> _Work to be completed_: The entries are to be reproduced verbatim, and their pictures left out.

> _Provided information_:
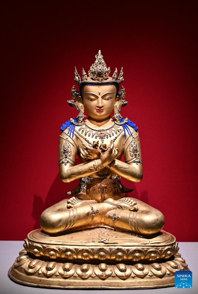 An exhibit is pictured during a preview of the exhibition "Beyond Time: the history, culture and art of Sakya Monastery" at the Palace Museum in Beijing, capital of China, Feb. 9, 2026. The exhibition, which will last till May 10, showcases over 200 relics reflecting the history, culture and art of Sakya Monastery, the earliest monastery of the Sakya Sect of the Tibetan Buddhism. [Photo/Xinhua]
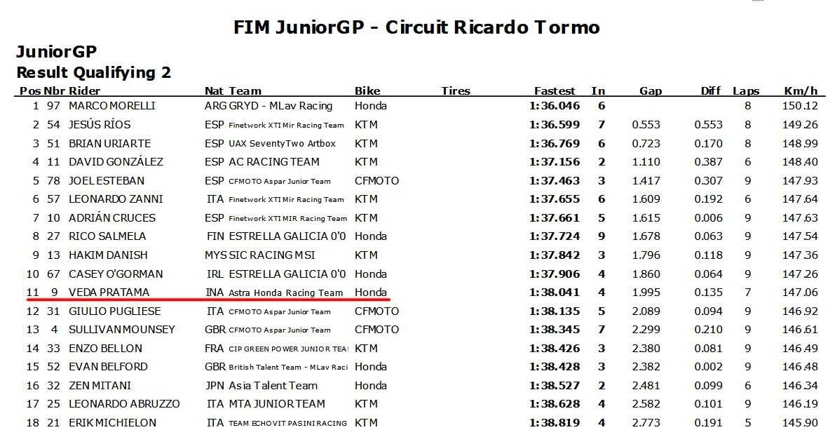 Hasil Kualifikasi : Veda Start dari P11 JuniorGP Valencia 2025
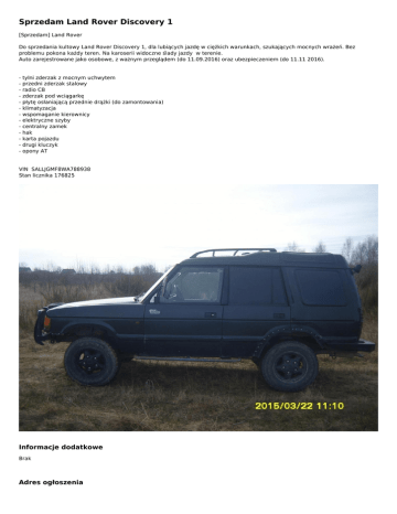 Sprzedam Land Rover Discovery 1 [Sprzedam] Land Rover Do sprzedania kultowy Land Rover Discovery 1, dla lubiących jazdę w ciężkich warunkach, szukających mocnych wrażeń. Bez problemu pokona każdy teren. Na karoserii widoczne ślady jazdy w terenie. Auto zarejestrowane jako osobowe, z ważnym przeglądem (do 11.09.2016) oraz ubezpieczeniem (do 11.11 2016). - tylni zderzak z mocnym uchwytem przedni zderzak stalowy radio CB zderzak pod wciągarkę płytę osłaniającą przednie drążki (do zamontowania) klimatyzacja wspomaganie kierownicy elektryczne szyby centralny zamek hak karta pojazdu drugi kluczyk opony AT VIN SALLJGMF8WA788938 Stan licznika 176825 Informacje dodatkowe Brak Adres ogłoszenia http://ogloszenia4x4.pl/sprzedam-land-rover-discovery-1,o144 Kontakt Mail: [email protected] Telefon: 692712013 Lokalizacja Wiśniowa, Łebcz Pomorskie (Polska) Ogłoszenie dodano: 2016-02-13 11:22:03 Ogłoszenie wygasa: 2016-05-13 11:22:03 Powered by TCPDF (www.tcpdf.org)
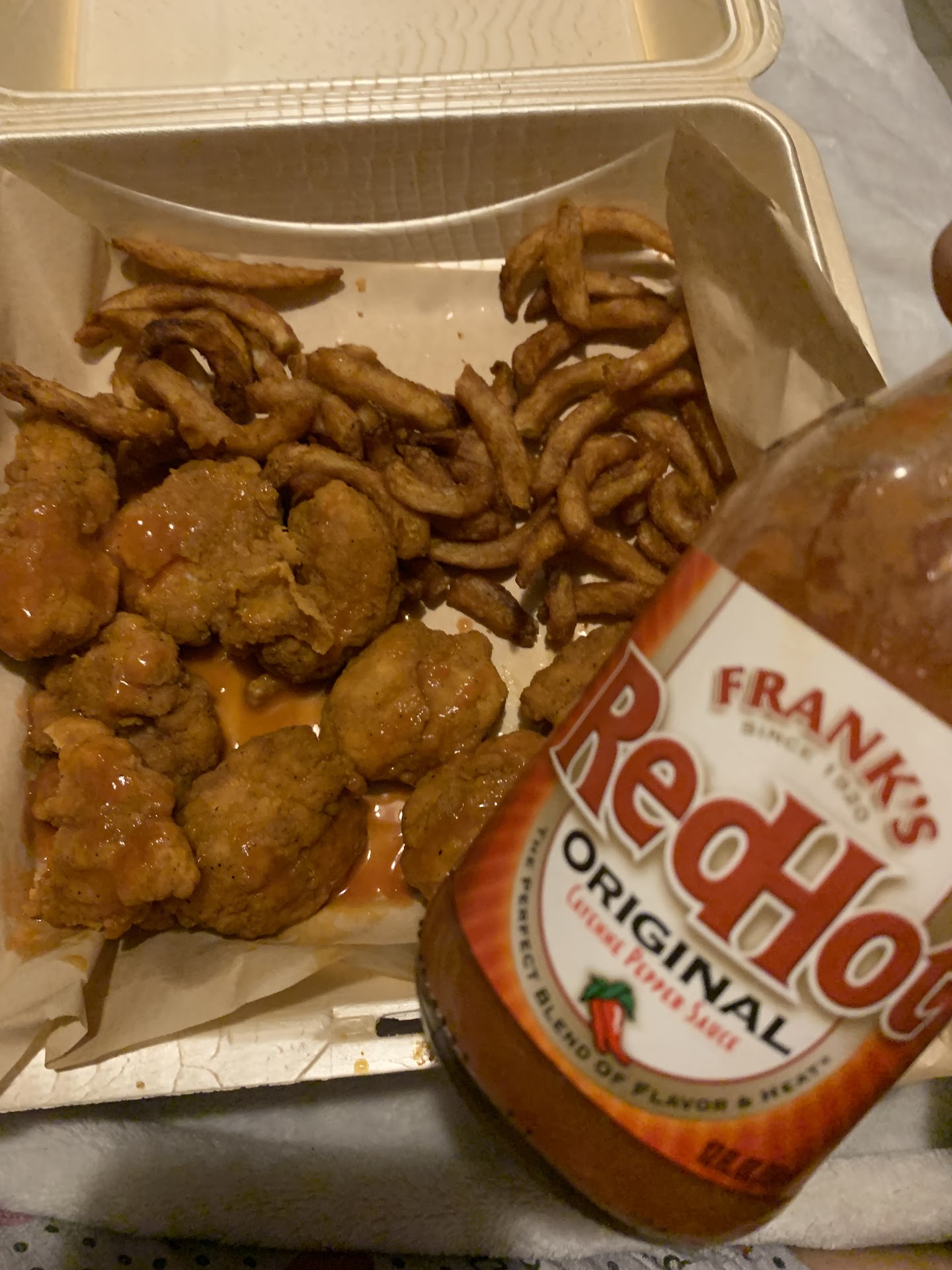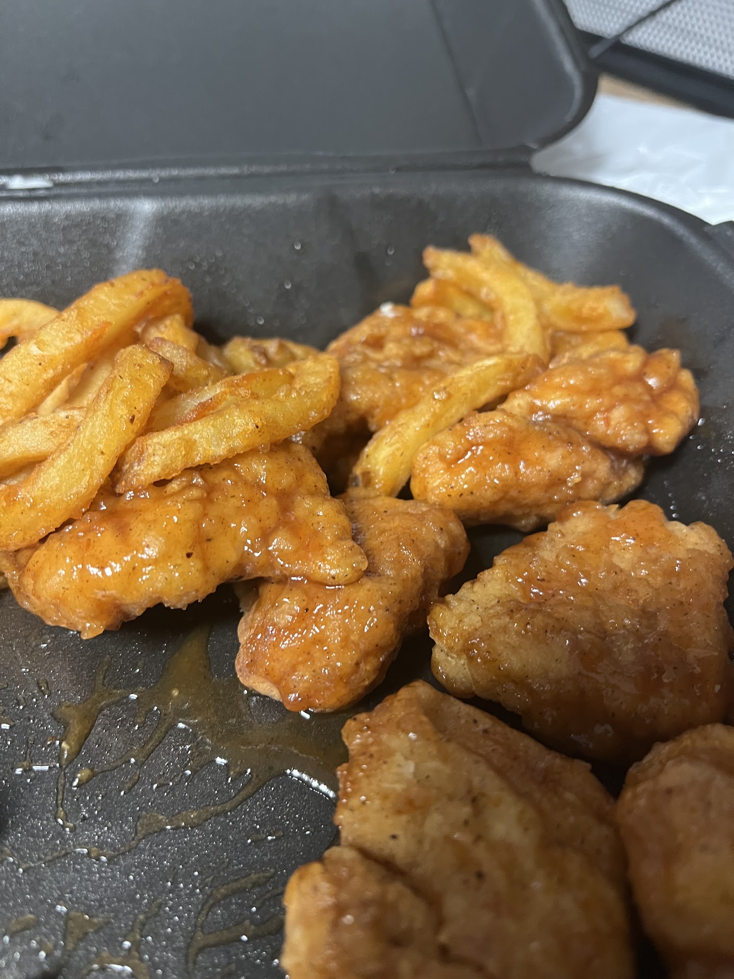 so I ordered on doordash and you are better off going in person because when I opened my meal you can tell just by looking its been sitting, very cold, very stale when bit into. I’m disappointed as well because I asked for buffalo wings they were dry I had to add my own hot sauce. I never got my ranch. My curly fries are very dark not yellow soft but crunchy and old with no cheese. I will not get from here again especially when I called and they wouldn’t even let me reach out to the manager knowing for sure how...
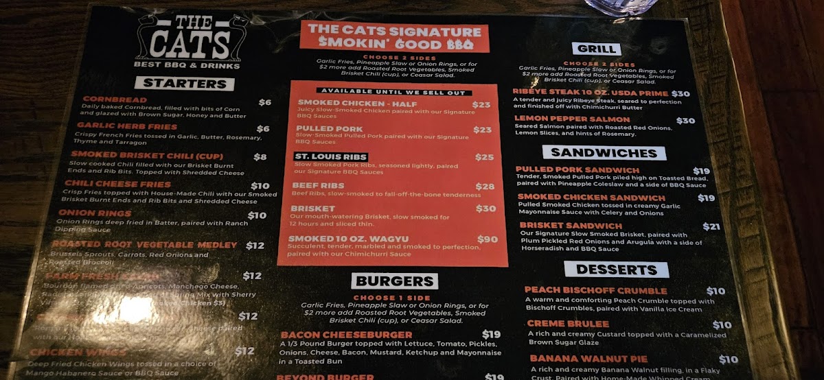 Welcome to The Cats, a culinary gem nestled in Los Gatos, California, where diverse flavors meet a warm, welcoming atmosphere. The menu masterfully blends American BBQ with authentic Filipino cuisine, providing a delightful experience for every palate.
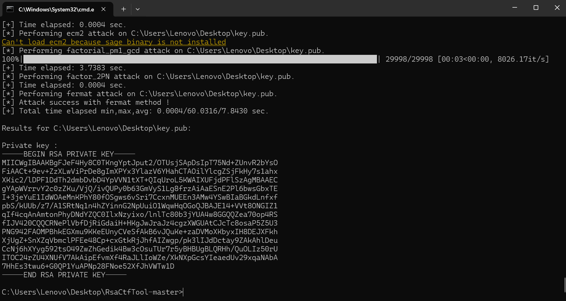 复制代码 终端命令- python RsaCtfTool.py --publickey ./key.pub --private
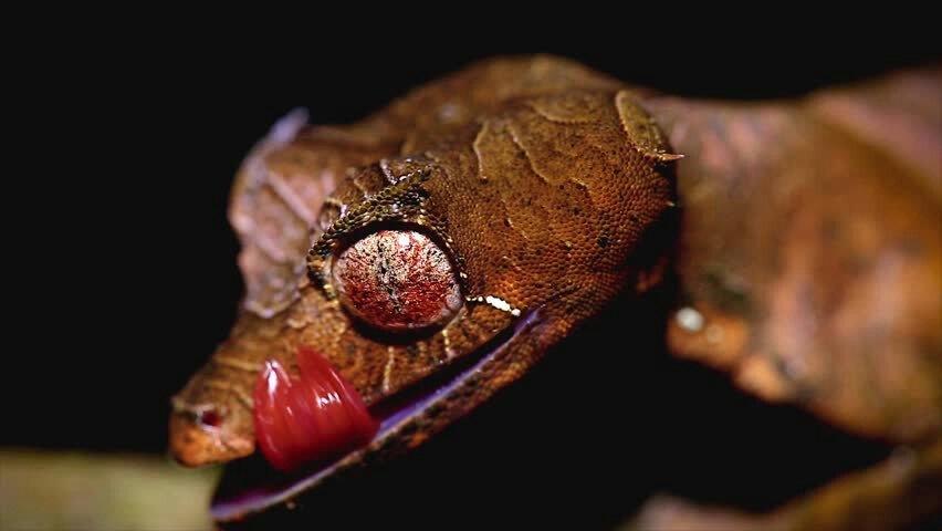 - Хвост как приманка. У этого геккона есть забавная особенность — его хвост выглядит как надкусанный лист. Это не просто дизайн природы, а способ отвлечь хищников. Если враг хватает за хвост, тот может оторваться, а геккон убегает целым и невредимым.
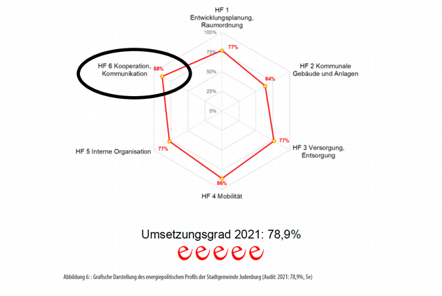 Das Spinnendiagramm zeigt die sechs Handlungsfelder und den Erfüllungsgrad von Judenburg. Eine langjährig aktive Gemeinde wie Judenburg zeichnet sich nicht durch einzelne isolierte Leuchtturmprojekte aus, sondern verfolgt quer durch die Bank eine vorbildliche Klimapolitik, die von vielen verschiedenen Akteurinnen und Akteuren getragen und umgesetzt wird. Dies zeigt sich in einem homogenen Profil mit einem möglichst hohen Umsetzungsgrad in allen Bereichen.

> _Answer space_:
 An exhibit is pictured during a preview of the exhibition "Beyond Time: the history, culture and art of Sakya Monastery" at the Palace Museum in Beijing, capital of China, Feb. 9, 2026. The exhibition, which will last till May 10, showcases over 200 relics reflecting the history, culture and art of Sakya Monastery, the earliest monastery of the Sakya Sect of the Tibetan Buddhism. [Photo/Xinhua]
 Hasil Kualifikasi : Veda Start dari P11 JuniorGP Valencia 2025
 Sprzedam Land Rover Discovery 1 [Sprzedam] Land Rover Do sprzedania kultowy Land Rover Discovery 1, dla lubiących jazdę w ciężkich warunkach, szukających mocnych wrażeń. Bez problemu pokona każdy teren. Na karoserii widoczne ślady jazdy w terenie. Auto zarejestrowane jako osobowe, z ważnym przeglądem (do 11.09.2016) oraz ubezpieczeniem (do 11.11 2016). - tylni zderzak z mocnym uchwytem przedni zderzak stalowy radio CB zderzak pod wciągarkę płytę osłaniającą przednie drążki (do zamontowania) klimatyzacja wspomaganie kierownicy elektryczne szyby centralny zamek hak karta pojazdu drugi kluczyk opony AT VIN SALLJGMF8WA788938 Stan licznika 176825 Informacje dodatkowe Brak Adres ogłoszenia http://ogloszenia4x4.pl/sprzedam-land-rover-discovery-1,o144 Kontakt Mail: [email protected] Telefon: 692712013 Lokalizacja Wiśniowa, Łebcz Pomorskie (Polska) Ogłoszenie dodano: 2016-02-13 11:22:03 Ogłoszenie wygasa: 2016-05-13 11:22:03 Powered by TCPDF (www.tcpdf.org)
 so I ordered on doordash and you are better off going in person because when I opened my meal you can tell just by looking its been sitting, very cold, very stale when bit into. I’m disappointed as well because I asked for buffalo wings they were dry I had to add my own hot sauce. I never got my ranch. My curly fries are very dark not yellow soft but crunchy and old with no cheese. I will not get from here again especially when I called and they wouldn’t even let me reach out to the manager knowing for sure how...
 Welcome to The Cats, a culinary gem nestled in Los Gatos, California, where diverse flavors meet a warm, welcoming atmosphere. The menu masterfully blends American BBQ with authentic Filipino cuisine, providing a delightful experience for every palate.
 复制代码 终端命令- python RsaCtfTool.py --publickey ./key.pub --private
 - Хвост как приманка. У этого геккона есть забавная особенность — его хвост выглядит как надкусанный лист. Это не просто дизайн природы, а способ отвлечь хищников. Если враг хватает за хвост, тот может оторваться, а геккон убегает целым и невредимым.
 Das Spinnendiagramm zeigt die sechs Handlungsfelder und den Erfüllungsgrad von Judenburg. Eine langjährig aktive Gemeinde wie Judenburg zeichnet sich nicht durch einzelne isolierte Leuchtturmprojekte aus, sondern verfolgt quer durch die Bank eine vorbildliche Klimapolitik, die von vielen verschiedenen Akteurinnen und Akteuren getragen und umgesetzt wird. Dies zeigt sich in einem homogenen Profil mit einem möglichst hohen Umsetzungsgrad in allen Bereichen.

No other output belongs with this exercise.